# Moose hunt 2019



## knapper (Feb 5, 2010)

On the 3rdof Sept. My son and I drive to Fairbanks and fly out on the 4th for a few days of moose hunting. If He does not get one I have a cow tag that runs thru Nov. 27th and will go back up there for mine later.


----------



## youngdon (Mar 10, 2010)

Good luck to you both knapper.


----------



## hassell (Feb 9, 2010)

Should be fun.


----------



## glenway (Mar 27, 2011)

Break in that new-to-you Marlin sledge hammer, Knapper!


----------



## knapper (Feb 5, 2010)

We got back today and we saw no moose.


----------



## glenway (Mar 27, 2011)

Hope you enjoyed the effort, Barry.
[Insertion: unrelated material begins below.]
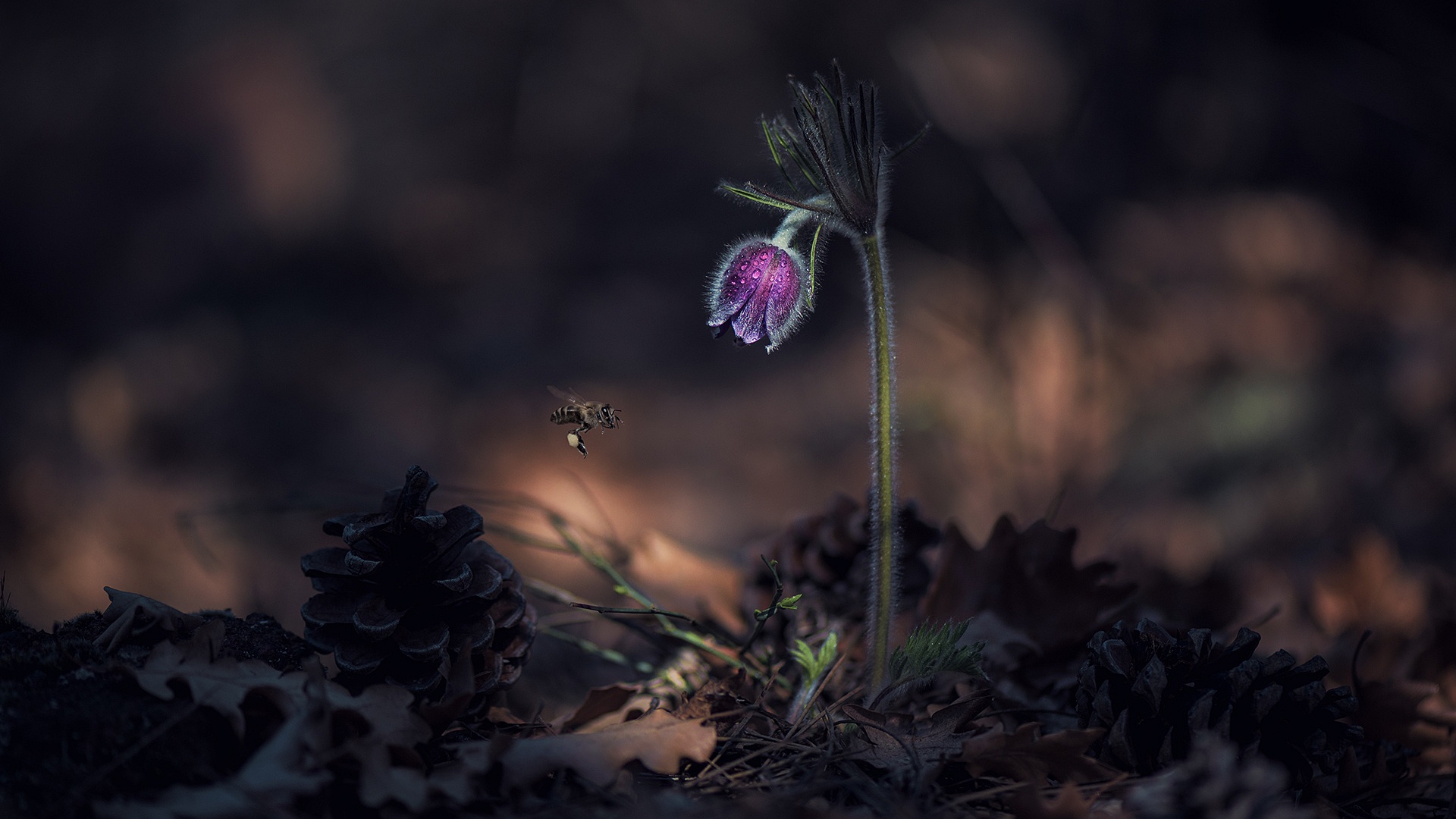 Description: A flower with a bee flying by it on a dark background with leaves and grass in the foreground.
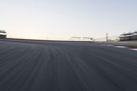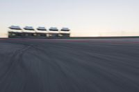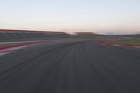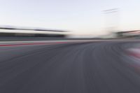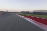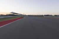 A red automobile races down a winding road surrounded by sand, a clear sky, and a distant grandstand. The asphalt road surface is lined with a switchback S-curve, a straight down the road line and a structure with a roof. Automobile racing and air travel are modes of transport in this landscape of a fixed link, infrastructure, and a race track under the sunlight.

So, what did you learn?


----------



## knapper (Feb 5, 2010)

I learned that this year we were early. The weather has been too warm and there has been little frost to move them around. We also learned that it is never a sure thing, that unless you get one down it one expensive camping trip. I took the old marlin the one that I already owned and my sun used a 300 win mag.


----------



## glenway (Mar 27, 2011)

At least the cost of a resident tag and reduced travel make for a lesser expense than the rest of us would have. Could you hunt moose later yet this year?


----------



## knapper (Feb 5, 2010)

Yes I have a archery cow tag for the Fairbanks area that runs through to Nov. 27th. My son had never got a moose before so we went on that one for him to get one. His was an any bull tag for the area we were in. We had a great time and many laughs, it was nice to spend time with him out like that.


----------



## glenway (Mar 27, 2011)

Best of luck on your next adventure. It'll be that much better when the time comes.


----------



## knapper (Feb 5, 2010)

here are a few pictures of our camp and the airplane that took us in. The tent is on the biggest piece of level ground with a slight slope to it.


----------



## youngdon (Mar 10, 2010)

Great pics knapper!


----------



## glenway (Mar 27, 2011)

That's a small tent. Sleeping on the ground there had to be uncomfortable and a place where you could roll out of bed - and right into the drink.

How did you pick such a site to land the plane and camp there?


----------



## SWAMPBUCK10PT (Apr 5, 2010)

*Thanks for sharing Bud Nice pic's*


----------



## knapper (Feb 5, 2010)

It was the only dry flat place that we had on the lake. I remembered it from last year when I was in there, it was better than I set the tent up last year. We slept with our heads up hill and kept sliding down hill some during the night. It is a small tent yes, and we had to keep the weight down flying in. The ground was not bad and did not have lumps.


----------



## C2C (Mar 17, 2012)

Good looking country , best of luck on your next trip ...

Sent from my SM-A520W using Tapatalk


----------



## knapper (Feb 5, 2010)

I have a cow tag that is for the Fairbanks area and is a bow only hunt.


----------



## SWAMPBUCK10PT (Apr 5, 2010)

*GOOD LUCK BUD---Hope you get your winters meat*


----------